To effectively prevent and reduce time theft, small business owners need to understand why it occurs. Time theft can be intentional or unintentional. For example, a customer service representative who forgets to log out of her phone before leaving for the day sans prior incidents of this nature is an example of unintentional time theft. However, an employee who purposely leaves his phone logged in knowing that he is getting paid for the time he is logged in is an example of intentional time theft. Intentional time theft frequently increases labor expenditures for small businesses. So, it’s important that they understand typical methods intentional time theft occurs. Here are some common ways time theft happens:
  • Falsifying Timestamps. When small business owners leave it up to employees to manually enter their time, they’re likely to experience more inaccurate information. That’s because logging time manually can increase incidents of time clock fraud and error, including rounding up hours instead of entering the exact hours worked.
  • Buddy Punching. Sometimes intentional time theft involves co-workers clocking in or other co-workers. One co-worker may provide the other with his log-in credentials so that she can log in for him in the event he is running late. This is referred to as buddy punching. According to an American Payroll Association study, buddy punching is the reason why as much as 75 percent of businesses lose money. This makes this practice the most common form of intentional time theft.
  • Using Personal Time During Work Hours. Whether surfing the internet to buy their favorite electronics or taking time to schedule doctor appointments for their family, when employees use work hours as time to do personal activities not authorized by the company, they are stealing time.

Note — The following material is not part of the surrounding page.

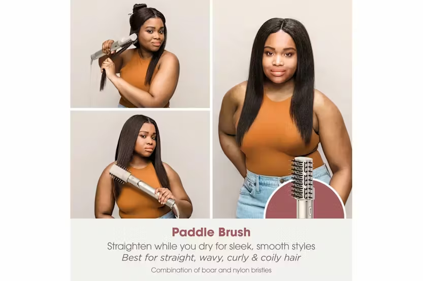The Shark FlexStyle 5-in-1 Air Styler & Hair Dryer Set is a powerful and versatile styling tool that combines a hair dryer with a 5-in-1 styling wand, allowing you to effortlessly transform your hair routine. With features like auto-wrap curlers, paddle and oval brushes, a styling concentrator, and a curl-defining diffuser, this set is perfect for all hair types and skill levels. Say goodbye to heat damage with consistent air temperatures and enjoy fast drying power for salon-quality results at home. Lightweight and compact, this set is your go-to solution for styling on the go. Elevate your hair styling game with the Shark FlexStyle 5-in-1 Air Styler & Hair Dryer Set. With 5 ways to style, including curling, straightening, volumizing, smoothing, and defining, this set offers endless possibilities for creating the perfect look. The innovative coanda technology wraps and curls hair automatically, while the included brushes and attachments help you achieve sleek blowouts, bouncy curls, and more. Enjoy fast drying power without compromising on performance, and keep your stylers organized with the convenient storage case. Say hello to effortless styling and goodbye to heat damage with this versatile and lightweight styling set.

How to Reduce and Prevent Time Theft

Reducing and preventing time theft calls for a plan of action. Here are some effective ways to get it done:
  • Create Awareness. One of the most important ways small business owners can prevent time theft is to inform their employees of the rules and policies of the company. These rules and policies should be communicated clearly in a written format as well as expressed clearly to employees. Small business owners and their human resource personnel should ensure everyone understands these policies, provide employees with the opportunity to ask questions about these rules and have them sign an agreement that they are aware of the policies. Post signs reminding employees of how to correctly log time and provide a copy of the company’s policies as a reference.
  • Utilize Time Theft-Prevention Technology. By including software programs that record time at integral moments, small business owners can help employees more accurately track their time without relying on them to manually input the hours they work. For example, small business owners can use Homebase for tracking time and automating timesheets and employee scheduling. It provides a timestamp for the time employees start using a system. Employees can also use a unique PIN to log in, and this time clock software can even be used to take a photograph of the person logging the time so that employers can ensure the correct person is signing in. It’s also useful for tracking time for remote or off-site workers. This helps save time for employees since they won’t have to manually input time. It also helps prevent unintentional time theft for employees that enter the wrong time when they work over their scheduled time or clock in too early. With Homebase, you can also choose to not allow employees to clock in before their shift is scheduled to start.
  • Be Aware of Patterns. It’s also important for small business owners and their managers to quickly identify patterns of abuse and time clock fraud before it gets too late. This helps to reduce incidents of intentional time theft.
  • Set Expectations. Small business owners should set clear expectations for employees and ensure they understand what they are expected to do during work hours. They should also verbalize consequences for time clock fraud and violations of the company’s time policy. It’s also important for managers and leaders of the company to follow through with appropriate disciplinary action to prevent future incidents.

Final Thoughts

The larger a small business’ operations grows, the more likely it faces time theft. Thus, it’s critical for small business owners to have a plan for reducing time theft incidents and stopping it in its tracks. By using tools, such as Homebase, and having a strategy for handling time theft cases, small business owners can control time theft.